Lors de l'entretien qu'il a accordé à la délégation de la commission des Lois, le patriarche maronite ne s'est pas déclaré par principe hostile à la fin du confessionnalisme, mais il a tenu à faire observer qu'il faudrait au moins trois générations pour chasser le réflexe confessionnel des esprits et des pratiques.

Depuis la fin de la guerre civile, les chrétiens ne tiennent pas toute leur place dans le jeu des institutions libanaises . Les élections de 1992 ont été marquées par le boycott des communautés chrétiennes ; en 1996, les chrétiens se sont profondément divisés sur la question de la participation aux élections, si bien que nombre d'entre eux ne se sentent pas représentés au sein du nouveau Parlement.

Cette situation nouvelle comporte en germe le risque d'une marginalisation de la communauté maronite , alors que la nation libanaise est fondée essentiellement sur le dialogue et la " convivialité " entre l'ensemble des communautés qui la composent.

Comme le Liban s'efforce d'effacer les séquelles de la guerre civile, le moment est peut-être venu d'engager plus avant la réflexion sur la déconfessionnalisation du Liban pour dépasser les clivages traditionnels entre les dix-sept communautés.

Cette nouvelle réflexion permettrait ainsi d'ouvrir le débat sur la question du statut personnel des Libanais.

A l'heure actuelle, le droit civil ne régit que le droit patrimonial de la famille et la succession des biens.

En revanche, pour les rapports personnels issus du mariage, les musulmans sont soumis à la Charia avec des variantes entre les sunnites, les chiites et les druzes tandis que les chrétiens relèvent du droit canon qui notamment prohibe le divorce et n'offre que l'option entre l'annulation et la séparation de corps laissant intacte le lien matrimonial.

Il n'existe pas de mariage civil ou laïque si bien que les Libanais désireux de se marier sont tenus de se rattacher à une communauté existante, faute de quoi ils devront se rendre par exemple à Chypre pour contracter leur union.

Dans la présentation de son ouvrage " Statut personnel et compétence judiciaire des communautés confessionnelles au Liban ", le Doyen de la Faculté de Droit de l'Université Saint-Esprit de Kaslik (USEK), le Père Basile Basile a évoqué les " possibilités d'un dialogue intercommunautaire fructueux et d'explorer les chances d'une éventuelle unification raisonnée du système de statut personnel communautaire ". " C'est seulement à travers un dialogue ouvert d'une unification raisonnée du système de statut personnel du pays sous l'égide d'un Etat de droit qui tient compte des richesses, des particularités, des traditions, du sentiment religieux et de la liberté de conscience de chacune des communautés confessionnelles, sans inégalité ni discrimination aucune entre tous les citoyens devant les mêmes lois de l'Etat " que la " convivialité " entre toutes les communautés confessionnelles du Liban triomphera et sera fortement et complètement consolidée. "

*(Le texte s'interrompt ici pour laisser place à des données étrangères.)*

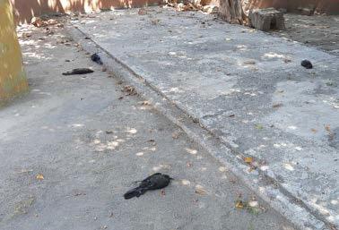 en la escuela primaria y el jardín principal de la localidad; hasta ese momento se contabilizaban aproximadamente un total 200 aves muertas, desde que inició el problema. De igual manera refiere que los perros y gatos que han estado en contacto con los cadáveres, han presentado signología de envenenamiento; y que un menor de edad que trató de curar a su mascota, sufrió de mareos, vómito e incoordinación por lo que tuvo que ser revisado por un médico.

L'objectif est ainsi de rechercher le dénominateur commun à cette mosaïque de législations et de compétences judiciaires.

Certes, les fanatismes musulmans ou chrétiens seront autant d'obstacles à l'unification des statuts personnels, notamment de la part de ceux qui, comme les islamistes, rejettent la dualité des pouvoirs temporel et spirituel.

A terme, ce rapprochement entre les statuts personnels pourrait conduire à l'élaboration d'un code civil commun à tous les Libanais et permettre, lorsque les Libanais y seront prêts, d'ouvrir la voie à une meilleure délimitation de la référence communautaire dans la vie institutionnelle libanaise.